LogoSu Jiang
  • Blog
  • Knowledge Base
  • About Me
The Complete Guide to llms.txt: The New robots.txt for the AI Era
2025/12/12

The Complete Guide to llms.txt: The New robots.txt for the AI Era

What is llms.txt? Is it useful for SEO? Will Google use it? This comprehensive guide covers the technical specification, real-world examples, and industry debates around this emerging AI standard.

1. Is 10 Minutes Worth It?

llms.txt is a Markdown file placed in your website's root directory, telling AI models which content matters most.

Creating it takes only 10 minutes.

The question is: Does it work?

Google says no. John Mueller says no AI uses it. Yet server logs show OpenAI crawls it every 15 minutes.

Semrush says lacking llms.txt risks AI misunderstanding your site. Anthropic, Cloudflare, and Zapier have all deployed it.

On one side, explicit denial. On the other, quiet action.

This article will tell you: what llms.txt is, who uses it, where the controversy lies, and what you should do.


2. What is llms.txt

robots.txtBlock Accesssitemap.xmlFull Indexllms.txtPriority Guide

2.1 Core Concept

llms.txt is a Markdown file placed in your website's root directory.

Location: https://yoursite.com/llms.txt

Its purpose is to tell AI models: where to find the most important content on your website.

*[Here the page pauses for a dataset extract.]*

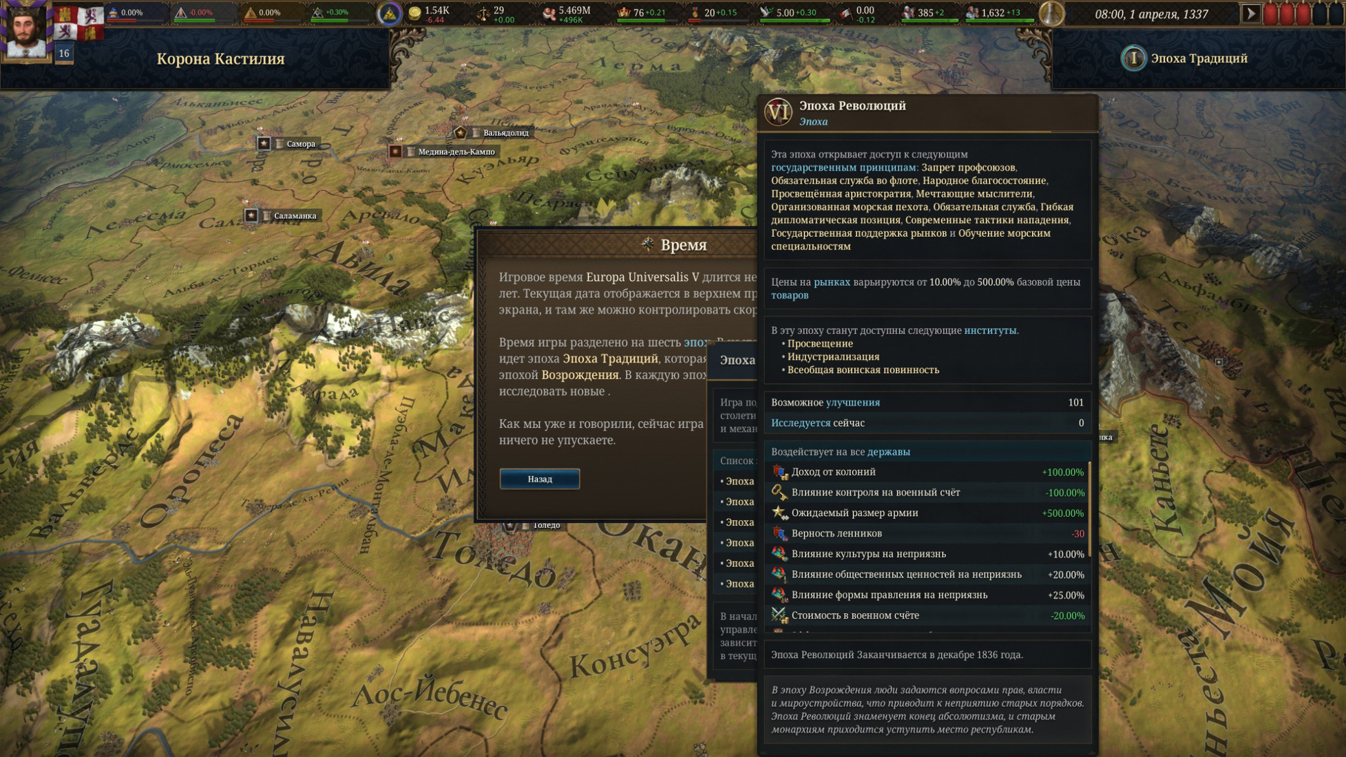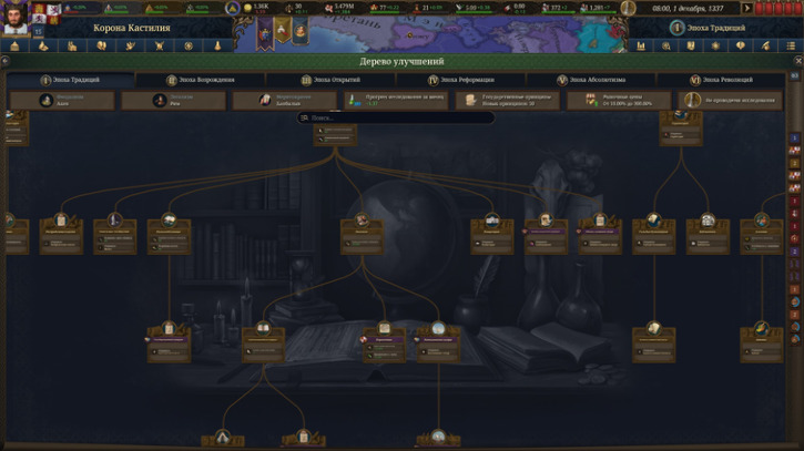 Последнее крупное изменение — система прогресса, почти аналогичная той, что мы видели в Victoria 3. Теперь темпы развития зависят от грамотности населения, благосостояния, структуры общества и выбранного национального фокуса эпохи. Технологическое древо действительно стало древом — широким, с “ветвями” достижений и реформ, которые меняют не цифры и модификаторы, а само устройство государства: от книгопечатания и металлургии до профессионализации армии и появления кабинета министров. Ощущение течения времени — от позднего Средневековья к ранней современности — достигается не за счёт классических скриптов (хотя без них не обошлось), а благодаря естественной логике прогресса. Каждая эпоха открывает доступ к новым институтам и улучшениям, но с одним важным нюансом: они зарождаются там, где были исторически. Поэтому, прежде чем идти в ногу со временем, придётся потратить немало сил и ресурсов, чтобы привлечь новаторов и внедрить их идеи внутри своей страны.

Traditional websites have two standard files:

  • robots.txt: Tells search engine crawlers "which pages NOT to crawl"
  • sitemap.xml: Tells search engines "what pages exist on the site"

llms.txt serves a different purpose. It doesn't tell AI "where not to go," but rather "where to look first."

2.2 Why This File is Needed

Jeremy Howard explained the background in his proposal:

"Large language models increasingly rely on website information, but face a critical limitation: context windows are too small to handle most websites in their entirety. Converting complex HTML pages with navigation, ads, and JavaScript into LLM-friendly plain text is both difficult and imprecise."

In other words, AI models face three problems when "reading" web pages:

  1. Limited context windows: Even the most powerful models can't process an entire website at once
  2. Messy HTML: Ads, navigation bars, and JavaScript code mixed together make it hard for AI to extract core content
  3. No priority system: AI doesn't know which pages are important and which are secondary

llms.txt aims to solve these three problems.

2.3 Technical Specification

The llms.txt format is remarkably simple, using standard Markdown syntax:

# Project Name

> Brief project introduction (one or two sentences)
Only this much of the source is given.